2. Middle East Conflicts:
   - Israeli PM Netanyahu announces the death of a Hamas leader.
   - Appeal by Lebanese leaders for US pressure on Israel regarding troop withdrawals.
   - Concerns voiced by freed Israeli hostages.

3. Global News:
   - Sentencing of a surgeon in France for abuses.
   - Tragic incidents involving passenger boats in the Canary Islands.
   - Medical findings linking THC with heart disease.
   - Warning from major retailers about consumer boycotts.

4. Technology and Business:
   - Discussion about consumer behavior and economic forecasts.
   - Developments regarding Apple and online safety regulations.

## Features
- **Videos and Podcasts:** CNN offers various video segments and podcasts, including "CNN 5 Things," "Chasing Life with Dr.

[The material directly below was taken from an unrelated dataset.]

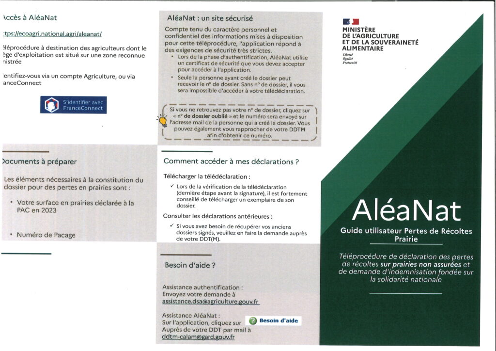 Cette reconnaissance porte sur les pertes de récoltes de prairies. Ce dispositif s’adresse aux agriculteurs dont les surfaces fourragères ne sont pas couvertes par une assurance multirisque climatique et qui déplorent une perte de récolte d’au moins 30% calculée sur l’ensemble de leur exploitation. Il doivent par ailleurs avoir déposé un dossier TELEPAC en 2023.Sur le site Les services de L’État dans le Gard, les agriculteurs de votre commune peuvent se renseigner sur ce nouveau dispositif :https://www.gard.gouv.fr/Actions-de-l-Etat/Agriculture/Aides-agricoles/Indemnite-de-Solidarite-nationale-ISN-assurance-recolte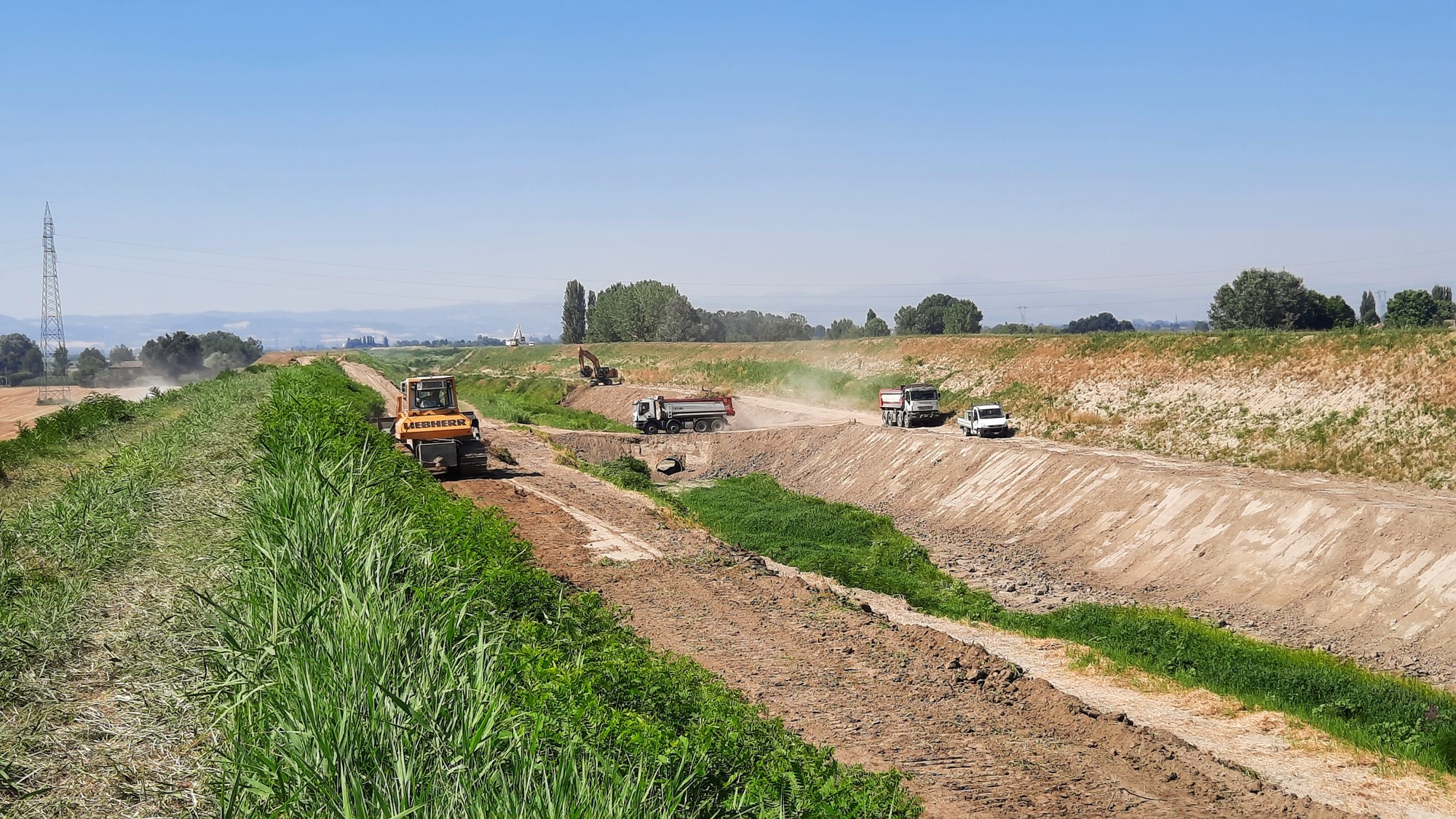 Contemporaneamente sono in corso le opere per allargare e alzare le arginature, oltre a rafforzarle con copertura di pietrame.

Sanjay Gupta," and "The Assignment."
- **Interactive Games:** Crossword puzzles and quizzes are available for users to engage with.

## Special Reports
- International reports on consumer trends, environmental challenges, and updates on significant geopolitical events.

## Health & Wellness
- Articles discussing health topics, including chronic diseases and the need for emotional well-being in teens.

## Closing Note
For more content, visitors can explore CNN's dedicated sections for updates on ongoing stories and featured topics in various domains.